Introduction While spatial analysis has identified immune features predicting immunotherapy response in solid tumors, spatial information remains unexplored in hematologic malignancies. Previous studies of the tumor microenvironment in blood cancer have relied on bone marrow (BM) aspirates, which lack spatial architecture. Our recent work developing spatial methods for BM biopsies demonstrated that spatial organization associated with chimeric antigen receptor (CAR) T cell therapy outcomes in patients with relapsed/refractory multiple myeloma (RRMM). However, the role of BM spatial immune features in patients with smoldering multiple myeloma (SMM) treated with checkpoint inhibitors remains unknown.

Methods We analyzed 15 BM trephine biopsies from high-risk SMM patients enrolled in a phase II trial of nivolumab combined with lenalidomide and dexamethasone (NCT02903381). The primary outcome was progression-free survival (PFS) at 2 years. Patients received nivolumab, lenalidomide, and dexamethasone for 12 months total. Biopsies were collected pre- and post-induction therapy (7 pre-treatment; 8 post-treatment). We assessed spatially orchestrated cellular niches using imaging mass cytometry (IMC) with a 32-antibody immune panel (Hyperion, Standard BioTools). Cells were segmented and annotated based on marker expression. Cellular neighborhoods (CNs), defined as the microenvironment within a 10-μm radius, were identified using clustering algorithms.

Results Clinical Outcomes: Eight high-risk SMM patients (median age 60 years, 62% male) were enrolled with median follow-up of 38.7 months. The combination was well-tolerated with no grade 4-5 toxicities; the most common adverse events were fatigue and neutropenia (75% each). Seven patients achieved minimal response or better, with 5 achieving very good partial response or better. Four patients eventually progressed, with a median duration of response of 908 days. At 2 years, 4 of 8 patients (50%) remained progression-free, with median PFS of 33.8 months and overall survival (OS) not reached.

Cellular Composition Analysis: We detected 70,390 single cells across all samples representing 27 cell subtypes, including plasma cells, regulatory T cells (Treg), exhausted CD8 T cells, and M1/M2-like macrophages. IMC-measured plasma cell infiltration strongly correlated with pathologists' reports (r=0.92, p<0.01). Pre- and post-treatment comparison revealed decreased plasma cell proportion (p=0.016), increased monocyte proportion (p=0.016), and elevated M2-like macrophages among total macrophages (p=0.016). Baseline exhausted CD8 T cell proportion positively correlated with treatment duration (r=0.78, p=0.039), while longer responders showed higher post-treatment M2-like macrophage proportions (p=0.03). These findings suggest that optimal treatment response requires pre-existing inflammatory conditions characterized by elevated exhausted CD8 T cells at baseline, followed by adequate tissue repair responses corresponding to treatment-induced immune activation.

Spatial Analysis: Spatial clustering identified 13 distinct CNs with varying compositions. Only the CN3 proportion showed significant positive correlation with treatment duration (r=0.792, p=0.034). CN3 was enriched with M1-like macrophages, plasma cells, and Tregs, and depleted of progenitor cells, dendritic cells, and intermediate monocytes (adjusted p<0.001). Within CN3, M1-like macrophages were significantly more proximate to exhausted CD8 T cells within 10μm compared to other CNs, while classical monocytes and M1-like macrophages showed reduced proximity (adjusted p<0.001).
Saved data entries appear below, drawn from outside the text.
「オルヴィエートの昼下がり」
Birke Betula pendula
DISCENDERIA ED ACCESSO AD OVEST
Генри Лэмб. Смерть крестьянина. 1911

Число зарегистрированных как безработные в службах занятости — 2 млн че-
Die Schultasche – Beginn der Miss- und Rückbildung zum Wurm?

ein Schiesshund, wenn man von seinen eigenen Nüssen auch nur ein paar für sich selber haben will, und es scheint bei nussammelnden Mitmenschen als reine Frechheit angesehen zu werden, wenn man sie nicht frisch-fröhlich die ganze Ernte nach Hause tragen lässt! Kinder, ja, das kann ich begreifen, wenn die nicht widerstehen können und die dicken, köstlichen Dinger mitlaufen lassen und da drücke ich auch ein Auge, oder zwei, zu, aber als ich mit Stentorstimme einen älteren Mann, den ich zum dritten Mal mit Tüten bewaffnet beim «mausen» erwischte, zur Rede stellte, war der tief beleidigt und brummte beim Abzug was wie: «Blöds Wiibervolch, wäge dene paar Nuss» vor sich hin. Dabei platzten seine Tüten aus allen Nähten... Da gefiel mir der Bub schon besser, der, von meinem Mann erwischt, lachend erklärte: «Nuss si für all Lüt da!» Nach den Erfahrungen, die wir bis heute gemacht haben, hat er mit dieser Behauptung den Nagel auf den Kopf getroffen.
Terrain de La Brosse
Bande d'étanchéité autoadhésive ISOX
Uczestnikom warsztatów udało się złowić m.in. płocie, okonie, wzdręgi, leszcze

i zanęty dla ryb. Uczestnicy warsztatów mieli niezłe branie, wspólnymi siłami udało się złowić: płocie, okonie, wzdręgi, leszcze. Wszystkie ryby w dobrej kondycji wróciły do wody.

CN3 demonstrates strategic positioning of immune cells with controlled spacing between inflammatory populations, providing spatial evidence of a “regulated inflammatory state.” Our findings indicate that spatial orchestration of immune cells serves as a critical biomarker of therapeutic response in checkpoint inhibitor therapy.
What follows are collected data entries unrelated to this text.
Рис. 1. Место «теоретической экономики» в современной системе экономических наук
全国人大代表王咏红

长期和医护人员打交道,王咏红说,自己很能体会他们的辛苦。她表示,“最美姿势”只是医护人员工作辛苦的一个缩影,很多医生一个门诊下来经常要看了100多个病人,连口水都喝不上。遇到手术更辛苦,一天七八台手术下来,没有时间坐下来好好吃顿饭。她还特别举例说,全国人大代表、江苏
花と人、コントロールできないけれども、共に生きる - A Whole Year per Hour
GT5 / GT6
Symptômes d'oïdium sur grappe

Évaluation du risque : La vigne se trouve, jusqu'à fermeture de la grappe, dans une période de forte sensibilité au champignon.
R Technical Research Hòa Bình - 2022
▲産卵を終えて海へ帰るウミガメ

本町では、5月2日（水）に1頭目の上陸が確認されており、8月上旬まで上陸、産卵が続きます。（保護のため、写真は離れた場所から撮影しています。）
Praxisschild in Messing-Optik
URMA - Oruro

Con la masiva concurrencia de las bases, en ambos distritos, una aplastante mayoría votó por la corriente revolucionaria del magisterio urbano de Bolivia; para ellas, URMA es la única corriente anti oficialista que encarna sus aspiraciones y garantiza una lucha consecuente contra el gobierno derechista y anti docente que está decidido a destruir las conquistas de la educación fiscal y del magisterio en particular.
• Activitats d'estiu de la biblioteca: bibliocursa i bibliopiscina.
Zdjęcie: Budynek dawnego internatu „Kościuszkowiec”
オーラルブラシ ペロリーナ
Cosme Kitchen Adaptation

Conclusions Our findings suggest that baseline spatial organization, particularly the CN3 neighborhood characterized by strategic positioning of M1-like macrophages and exhausted CD8 T cells, may be associated with treatment duration. While limited by sample size, these preliminary results suggest that spatial analysis of BM biopsies could provide novel insights into immune dynamics in multiple myeloma and may inform future therapeutic strategies in this patient population.